The assay procedure involves introducing inhibitory test samples (100 nL) with concentrations ranging from 0.1 nM to 1 µM in water with up to 1% DMSO onto a multi-well plate. Subsequently, 2.4 µL of kinase buffer, 5 µL of a 2X Peptide (4 µM)/Kinase (2 ng) Mixture, and 2.5 µL of 4X ATP (40µM) are successively added to each well. Following a 30 s shaking period, the reaction mixture undergoes incubation at room temperature for 60 min. Afterward, 5 µL of a proprietary Development Reagent Solution is added and the plate is shaken for another 30 s. The reaction is performed at room temperature for 60 min before being read on a fluorescence plate reader. The resulting data are then analyzed to evaluate the inhibitory effects of the test samples on kinase activity.

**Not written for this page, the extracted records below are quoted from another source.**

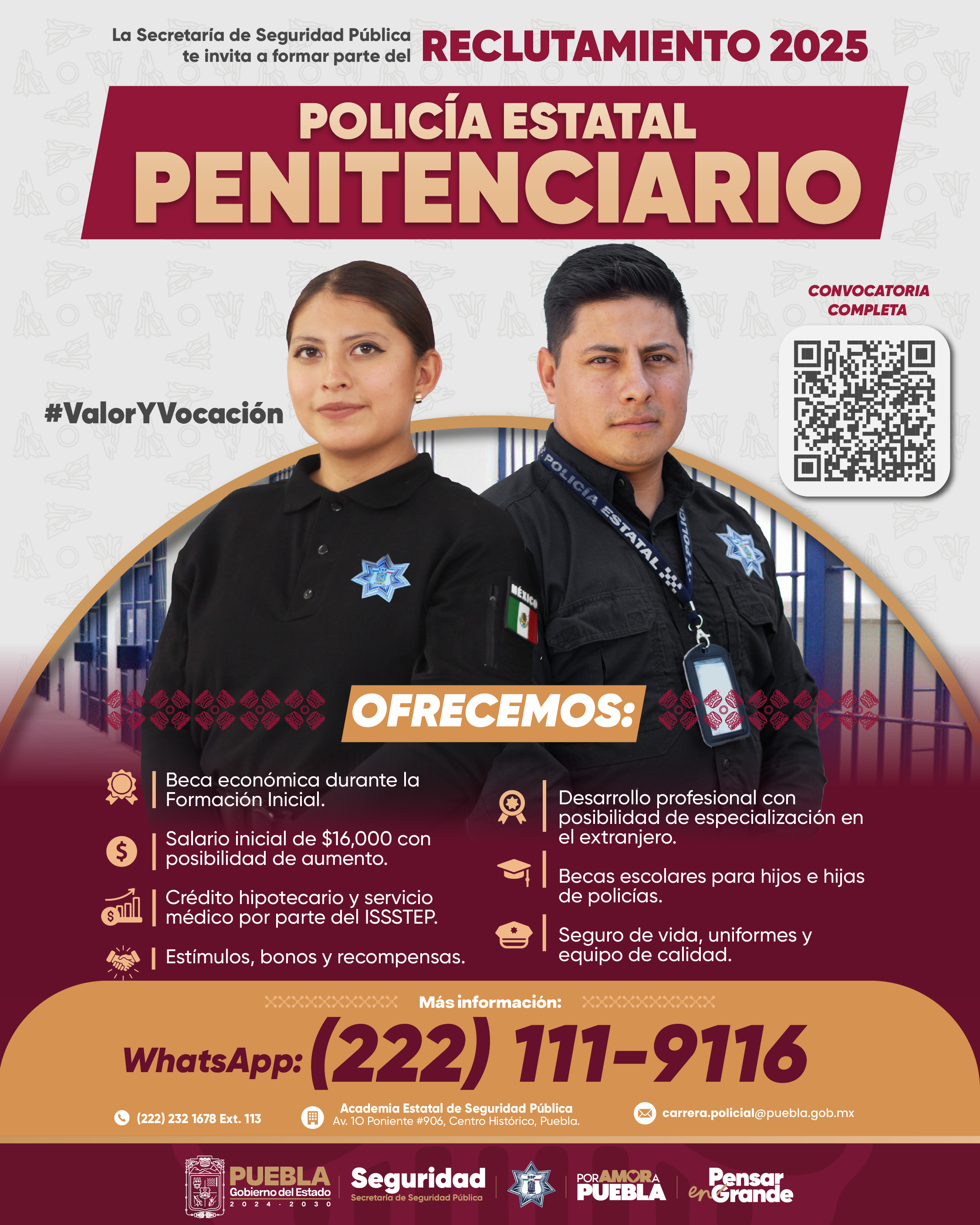 Convocamos a hombres y mujeres para integrarse a las filas de la Policía Estatal Preventiva y Policía Estatal Custodio.
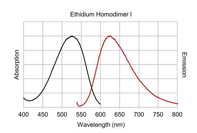 | Absorption/Emission : | 527/624 nm* (with DNA) *Ethidium Homodimer I also has a strong UV absorbance peak at 279 nm |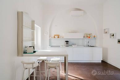 Limmobile si sviluppa su due superfici oltre il terrazzo, date le dimensioni più che generose, si compone di più appartamenti. Al piano terra/rialzato, completamente ristrutturato in maniera sobria ed elegante dedicato e destinato a casa vacanze di pregio, frequentato da chi apprezza sobrietà, lusso minimale e riservatezza. Il piano superiore è abitato dai proprietari.

2.2.3. CDK9 Degradation with TB003 and TB008

To demonstrate that TB003 works as a degrader of CDK9, Malme 3M cells (ATCC, HTB-64), MIA-PaCa-2 cells (ATCC, CVRM-CRL-1420), and NCI-H358 cells (ATCC, CRL-5807) were grown to confluency in 35 × 12 mm cell culture dishes using IMDM media (ATCC, Cat # 30-2005) with 20% bovine serum (3M cells, ATCC cat # 30-2020), DMEM media (ATCC, cat # 30-2002) with 10% bovine serum (MIA-PaCa), or RPMI-1640 media (Gibco, Grand Island, NY, USA, Cat # 11675) with 10% bovine serum (NCI-H358), respectively. To evaluate TB003, 3M cells were treated with and without 1 µM TB003 for 2, 4, 8, and 12 h at 37 °C. For TB008, the MIA-PaCa cells were treated for 6 h at 37 °C with varying concentrations of TB008, ranging between 0.037 μM and 3 µM. For concentration-dependent degradation, using TB003, the H358 cells were also treated for 6 h at 37 °C with TB003 at concentrations between 0.18 µM and 3 µM. After incubation, the cells from each experiment were washed with ice-cold PBS and lysed with cell lysis buffer (Cell Signaling Technology, Danvers, MA, USA, Cat # 9803S) containing 1X protease cocktail (Thermo Scientific, Rockland, IL, USA, Cat # 78442). After removing cellular and nuclear debris by centrifugation at 13,000 rpm (Eppendorf, Enfield, CT, USA) for 10 min, a 75 µL aliquot was mixed with 4X reducing Laemmli sample buffer (Boston BioProducts, Milford, MA, USA, Cat # BP-111R) and loaded onto a 4–12% Bis-Tris gel (GenScript, Piscataway, NJ, USA, Cat # M00652). The gel was run at 125 V for 60–90 min and then electro-transferred onto PVDF (Bio-Rad, Hercules, CA, USA, Cat # 162-0177). After transfer, the membrane was blocked with 5% dry-milk powder (Boston Bioproducts, Milford, MA, USA, Cat # P-1400) and developed using a combination of rabbit anti-CDK9 (Cell Signaling Technology, Cat # 2316S) and anti-myosin light-chain monoclonal antibodies (Cell Signaling Technology, Cat # 8505S), used at 1:1500 dilution and 1:5000, respectively, followed by goat anti-rabbit antibody conjugated with HRP (Cell Signaling Technology, Cat # 7074S) at 1:10,000 dilution. Bands on the membrane were visualized and imaged by chemiluminescence (Aplegen, Omega Lum G) using an ECL reagent (Thermo Scientific, Cat # A38554) [35,36].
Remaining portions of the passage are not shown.